EXERCISE AIM :: Every line of the entries below that mentions "بالبشر" is to be copied out.

[Data items]
== Segment start ==

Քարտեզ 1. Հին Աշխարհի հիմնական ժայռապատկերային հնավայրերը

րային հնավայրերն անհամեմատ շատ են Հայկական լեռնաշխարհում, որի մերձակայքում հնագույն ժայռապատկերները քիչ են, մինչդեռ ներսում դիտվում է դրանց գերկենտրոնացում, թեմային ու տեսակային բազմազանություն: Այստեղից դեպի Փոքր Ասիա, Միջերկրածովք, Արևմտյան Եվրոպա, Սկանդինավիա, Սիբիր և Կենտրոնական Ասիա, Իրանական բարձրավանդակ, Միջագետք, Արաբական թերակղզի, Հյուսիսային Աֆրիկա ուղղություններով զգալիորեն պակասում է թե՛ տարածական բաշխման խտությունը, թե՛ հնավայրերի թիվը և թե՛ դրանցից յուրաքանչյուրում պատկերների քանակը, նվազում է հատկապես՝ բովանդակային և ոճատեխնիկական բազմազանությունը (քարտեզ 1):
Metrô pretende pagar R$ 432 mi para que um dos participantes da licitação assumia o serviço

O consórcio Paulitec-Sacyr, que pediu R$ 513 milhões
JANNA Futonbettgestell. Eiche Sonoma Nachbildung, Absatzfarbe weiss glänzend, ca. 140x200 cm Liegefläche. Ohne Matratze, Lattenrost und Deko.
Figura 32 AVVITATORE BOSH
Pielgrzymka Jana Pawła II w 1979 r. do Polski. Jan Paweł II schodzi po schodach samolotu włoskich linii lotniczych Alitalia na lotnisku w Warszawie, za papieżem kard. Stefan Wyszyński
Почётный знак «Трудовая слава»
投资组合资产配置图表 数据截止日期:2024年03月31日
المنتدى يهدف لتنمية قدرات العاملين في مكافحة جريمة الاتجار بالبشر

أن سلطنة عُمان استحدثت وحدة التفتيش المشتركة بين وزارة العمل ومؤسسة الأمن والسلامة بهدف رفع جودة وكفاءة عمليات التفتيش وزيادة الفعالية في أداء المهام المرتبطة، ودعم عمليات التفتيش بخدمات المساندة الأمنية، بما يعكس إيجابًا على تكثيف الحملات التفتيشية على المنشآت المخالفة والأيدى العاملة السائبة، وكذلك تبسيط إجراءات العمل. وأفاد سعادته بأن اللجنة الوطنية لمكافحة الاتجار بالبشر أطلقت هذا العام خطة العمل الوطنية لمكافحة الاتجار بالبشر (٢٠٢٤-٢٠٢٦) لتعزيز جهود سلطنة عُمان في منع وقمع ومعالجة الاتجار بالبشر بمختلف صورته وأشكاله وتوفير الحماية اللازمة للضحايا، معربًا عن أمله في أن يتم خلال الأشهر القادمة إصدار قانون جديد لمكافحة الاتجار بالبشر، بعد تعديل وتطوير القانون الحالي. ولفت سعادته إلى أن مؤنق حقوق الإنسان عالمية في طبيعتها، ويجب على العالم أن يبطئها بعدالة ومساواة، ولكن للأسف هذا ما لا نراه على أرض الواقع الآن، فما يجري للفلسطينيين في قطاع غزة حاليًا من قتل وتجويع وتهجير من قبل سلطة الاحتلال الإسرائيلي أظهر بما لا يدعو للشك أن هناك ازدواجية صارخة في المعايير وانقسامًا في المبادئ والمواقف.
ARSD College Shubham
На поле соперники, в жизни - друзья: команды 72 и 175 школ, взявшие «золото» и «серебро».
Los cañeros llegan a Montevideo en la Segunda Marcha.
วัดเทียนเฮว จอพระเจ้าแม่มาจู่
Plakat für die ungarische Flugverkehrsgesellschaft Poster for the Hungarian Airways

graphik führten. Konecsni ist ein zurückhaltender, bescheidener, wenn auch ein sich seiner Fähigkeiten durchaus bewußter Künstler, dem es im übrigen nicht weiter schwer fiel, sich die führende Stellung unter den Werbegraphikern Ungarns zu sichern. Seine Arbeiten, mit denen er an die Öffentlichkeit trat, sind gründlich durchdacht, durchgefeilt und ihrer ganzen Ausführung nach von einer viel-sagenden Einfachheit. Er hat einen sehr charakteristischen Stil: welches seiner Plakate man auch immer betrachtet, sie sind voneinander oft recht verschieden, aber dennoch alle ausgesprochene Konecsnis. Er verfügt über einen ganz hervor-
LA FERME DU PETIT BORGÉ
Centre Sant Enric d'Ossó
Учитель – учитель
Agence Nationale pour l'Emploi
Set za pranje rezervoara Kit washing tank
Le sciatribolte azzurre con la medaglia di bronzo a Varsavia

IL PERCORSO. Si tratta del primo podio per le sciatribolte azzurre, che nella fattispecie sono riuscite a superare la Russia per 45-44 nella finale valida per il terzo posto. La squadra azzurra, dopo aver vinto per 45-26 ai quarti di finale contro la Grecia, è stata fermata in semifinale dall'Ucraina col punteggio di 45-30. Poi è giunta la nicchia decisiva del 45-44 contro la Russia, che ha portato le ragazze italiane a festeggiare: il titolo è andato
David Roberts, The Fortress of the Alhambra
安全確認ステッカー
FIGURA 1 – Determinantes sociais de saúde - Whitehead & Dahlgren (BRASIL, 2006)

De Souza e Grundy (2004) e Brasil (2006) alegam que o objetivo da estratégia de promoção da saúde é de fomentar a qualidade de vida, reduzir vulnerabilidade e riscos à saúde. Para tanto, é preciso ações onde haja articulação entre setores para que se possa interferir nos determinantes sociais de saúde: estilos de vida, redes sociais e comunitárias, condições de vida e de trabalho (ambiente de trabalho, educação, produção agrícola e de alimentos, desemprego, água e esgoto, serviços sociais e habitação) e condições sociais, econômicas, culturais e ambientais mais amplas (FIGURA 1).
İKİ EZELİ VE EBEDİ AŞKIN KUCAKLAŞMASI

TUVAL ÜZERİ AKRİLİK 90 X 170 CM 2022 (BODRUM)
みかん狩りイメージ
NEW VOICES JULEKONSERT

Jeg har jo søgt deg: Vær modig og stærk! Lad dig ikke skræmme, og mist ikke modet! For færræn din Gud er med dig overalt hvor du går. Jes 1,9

== Segment end ==

ANSWER FOR THE TASK ::
المنتدى يهدف لتنمية قدرات العاملين في مكافحة جريمة الاتجار بالبشر
أن سلطنة عُمان استحدثت وحدة التفتيش المشتركة بين وزارة العمل ومؤسسة الأمن والسلامة بهدف رفع جودة وكفاءة عمليات التفتيش وزيادة الفعالية في أداء المهام المرتبطة، ودعم عمليات التفتيش بخدمات المساندة الأمنية، بما يعكس إيجابًا على تكثيف الحملات التفتيشية على المنشآت المخالفة والأيدى العاملة السائبة، وكذلك تبسيط إجراءات العمل. وأفاد سعادته بأن اللجنة الوطنية لمكافحة الاتجار بالبشر أطلقت هذا العام خطة العمل الوطنية لمكافحة الاتجار بالبشر (٢٠٢٤-٢٠٢٦) لتعزيز جهود سلطنة عُمان في منع وقمع ومعالجة الاتجار بالبشر بمختلف صورته وأشكاله وتوفير الحماية اللازمة للضحايا، معربًا عن أمله في أن يتم خلال الأشهر القادمة إصدار قانون جديد لمكافحة الاتجار بالبشر، بعد تعديل وتطوير القانون الحالي. ولفت سعادته إلى أن مؤنق حقوق الإنسان عالمية في طبيعتها، ويجب على العالم أن يبطئها بعدالة ومساواة، ولكن للأسف هذا ما لا نراه على أرض الواقع الآن، فما يجري للفلسطينيين في قطاع غزة حاليًا من قتل وتجويع وتهجير من قبل سلطة الاحتلال الإسرائيلي أظهر بما لا يدعو للشك أن هناك ازدواجية صارخة في المعايير وانقسامًا في المبادئ والمواقف.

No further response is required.